Search code examples
sqlrelational-database

Are these two database queries logically equivalent?


I have a query with an OR that runs poorly (i.e. a cost of 138 units):

SELECT *
FROM Customers
WHERE (FirstName LIKE 'Ian%') OR (LastName LIKE 'Boyd%')

But this query that returns the same runs much better (i.e. 0.6 units):

SELECT *
FROM Customers
WHERE (FirstName LIKE 'Ian%')

UNION

SELECT *
FROM Customers
WHERE (LastName LIKE 'Boyd%')

These two queries are logically equivalent or identical--from the standpoint of what information I'm asking the relational database engine for. But if that's the case, the modern sophisticated query optimizer should understand all this, and not run the query any differently. And yet it does; which we know we can all chalk up to quirky query optimizers. So maybe they're not equivalent.

Are these two database queries logically equivalent?

CREATE TABLE Customers 
( 
    FirstName varchar(50) NOT NULL,
    LastName varchar(50) NOT NULL
)

CREATE INDEX IX_Customers_FirstName ON Customers (FirstName);
CREATE INDEX IX_Customers_LastNmae  ON Customers (LastName);

Solution

  • The two are logically identical assuming that customers has no duplicate rows. This is a reasonable assumption.

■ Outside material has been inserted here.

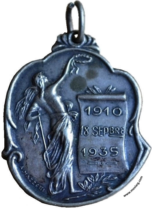 Anverso: 1910 / 18 SEPBRE. / 1935. Firma: A. MAZZETTI Reverso: CLUB SOCIAL / LAPRIDA / EN SUS / BODAS DE PLATA Referencia: | |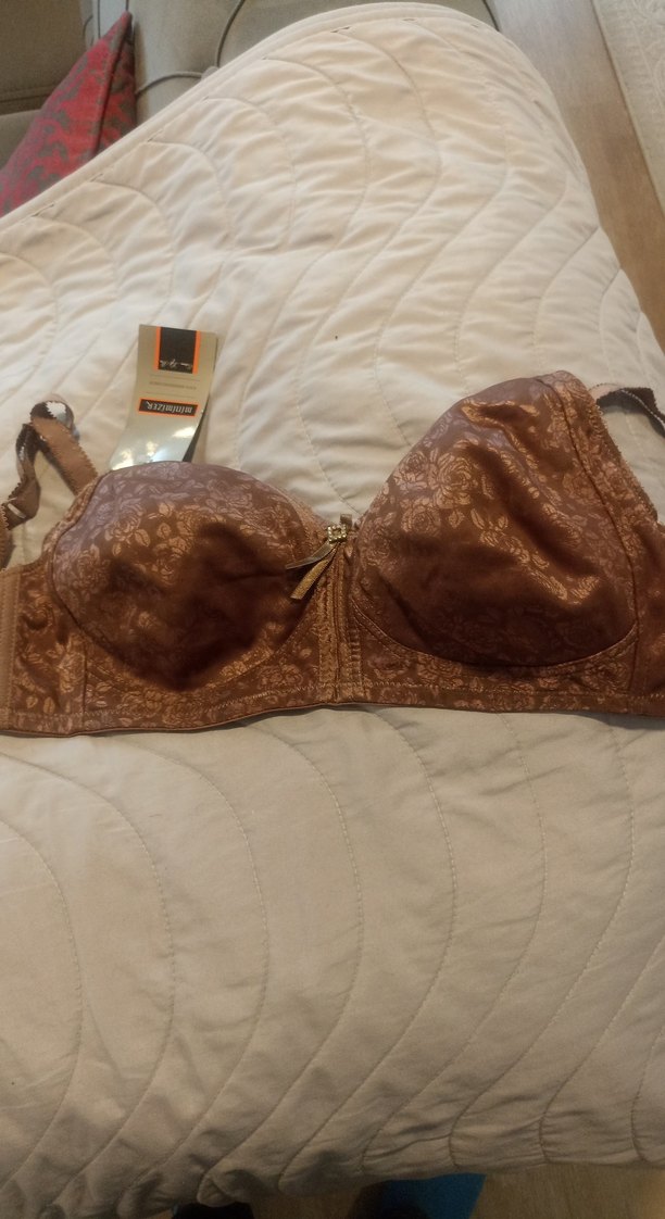 Bej renkli, vintage bohem tarzda, parlak yüzeye sahip sütyen. Desensiz ve normal uzunlukta destek sağlar.

    The UNION version is faster probably because the SQL engine can use indexes for the LIKE patterns -- they don't begin with a wildcard.

    A faster and almost equivalent version is:

    SELECT *
    FROM Customers
    WHERE FirstName LIKE 'Ian%'
    UNION ALL
    SELECT *
    FROM Customers
    WHERE LastName LIKE 'Boyd%' AND FirstName NOT LIKE 'Ian%';
    

    The only issue here is if FirstName is NULL. In that case, the logic would filter out even matching last names. An exact equivalent needs to take this into account:

    SELECT *
    FROM Customers
    WHERE FirstName LIKE 'Ian%'
    UNION ALL
    SELECT *
    FROM Customers
    WHERE LastName LIKE 'Boyd%' AND
          (FirstName NOT LIKE 'Ian%' OR FirstName IS NULL);
    

    These versions should be faster because they use UNION ALL and not UNION. The latter incurs overhead for removing duplicates. However, the WHERE clause removes those duplicates without having to look across rows.